Trick or Treat

 

In 5 days, millions of children around the country (and some places of the world) will be jacked up on sugar and go to bed having imbibed in entirely too much and wake up in the middle of the night throwing up or moaning with a tummy ache. Otherwise known as trick-or-treating.

According to wikipedia, trick-or-treating began as guising in Scotland in 1895. This was the tradition of masqueraders in disguise carrying lanterns made out of scooped out turnips, visiting homes to be rewarded with cakes, fruit and money. This is also when the tradition of “this house” blows began, because who wants fruit?

The official term of trick-or-treat began somewhere around the 1920s or 30s, but was heavily stalled during the years of World War II when sugar was rationed. This was the era of much calmer children because soda was probably rationed too.
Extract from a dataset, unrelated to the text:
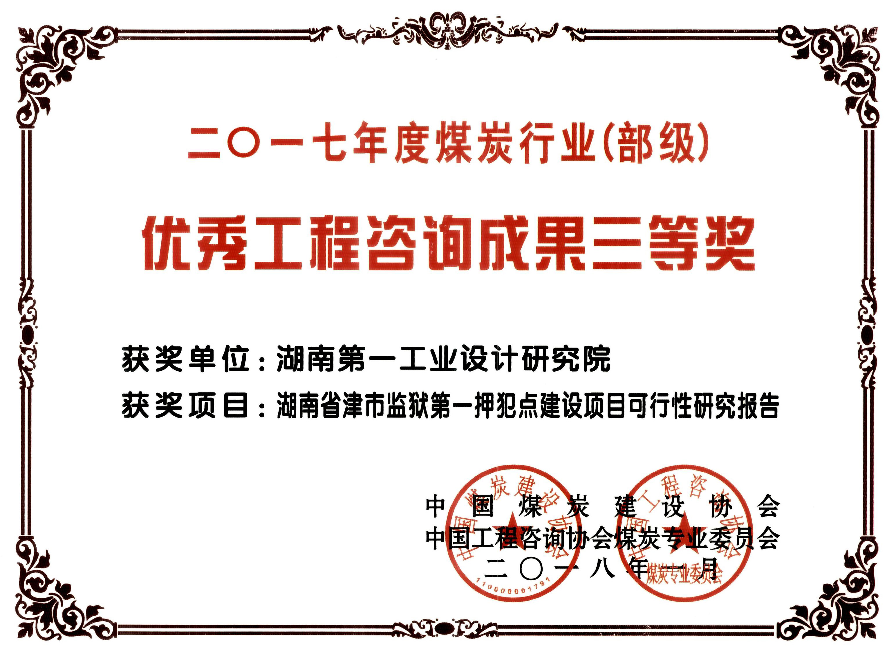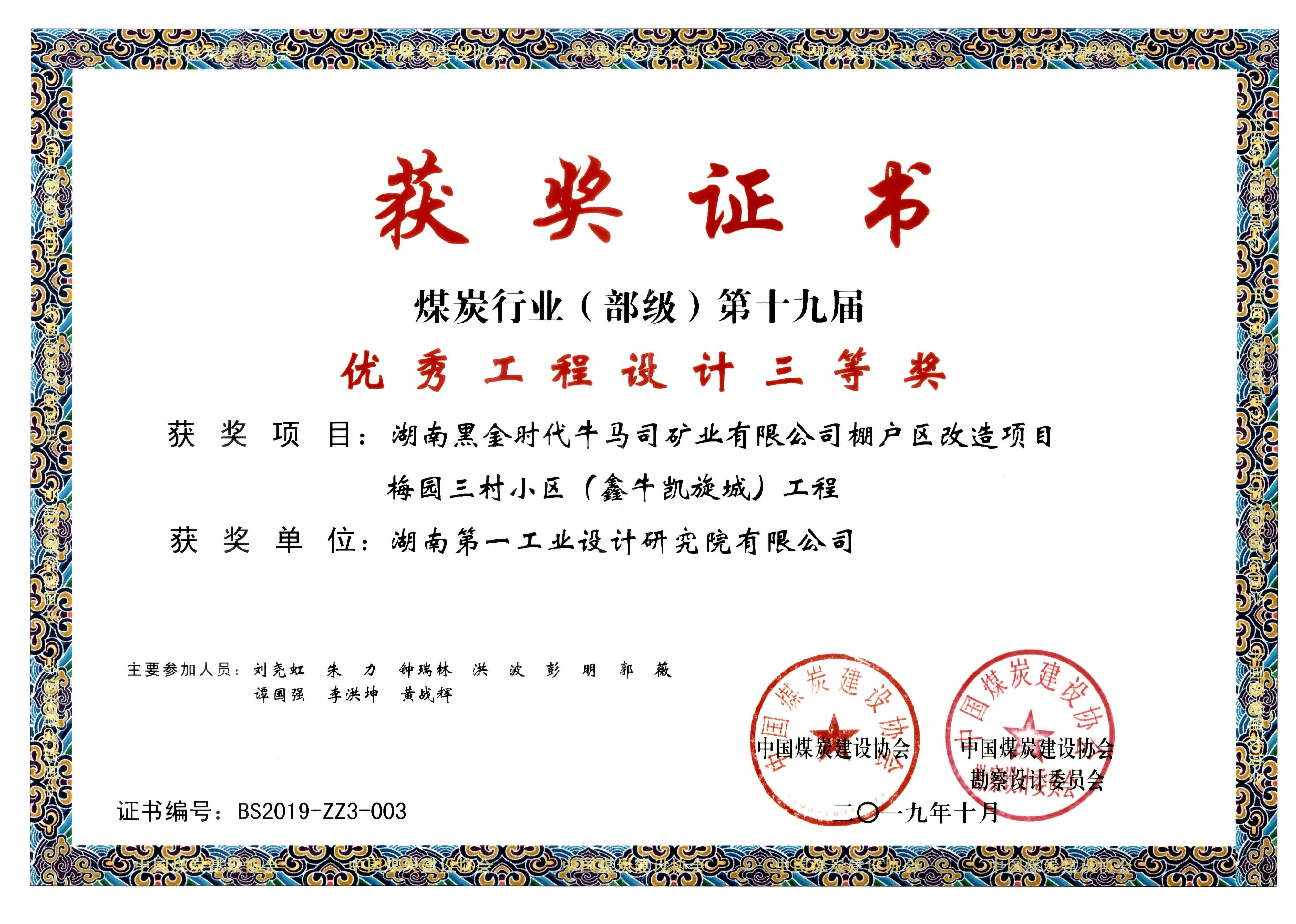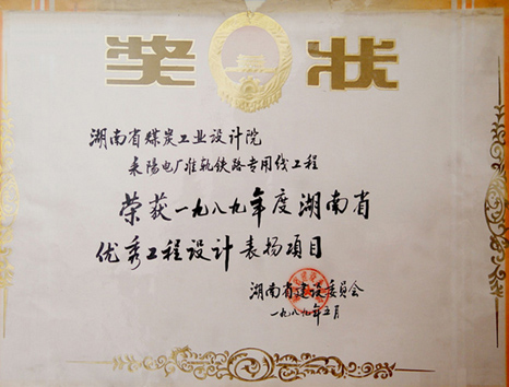 湖南省優(yōu)秀設(shè)計表揚金獎(1984)

So trick-or-treating didn’t really come into full swing in North America until the 1950s when those darn kids probably listened to rock-n-roll at the same time. I think this is probably when parents started digging into their kids’ stash simply saying “that music is too loud” and not being able to really do anything about the music’s evolution but took their candy out of frustration.

Halloween and trick-or-treating really came into its own in 1968, when the Mars Company first introduced the fun-sized candy bar. Finally, none of that lollipop crap, the holiday was now where it was supposed to be: overrun by chocolate! Now your neighbors on the block could be properly rated by the brand they chose to distribute. M & M’s, Snickers, even Kit Kat, meant that you would be sure to get their morning paper right on the doorstep. And in later years you knew who to ask if they needed their lawn mowed: their choice of candy gave a hint as to their disposable income.

So this week all of the candy manufacturers are drinking and smoking cigars; this is one holiday that will not be affected by the economy. People will buy way too much candy and children will barf it all up.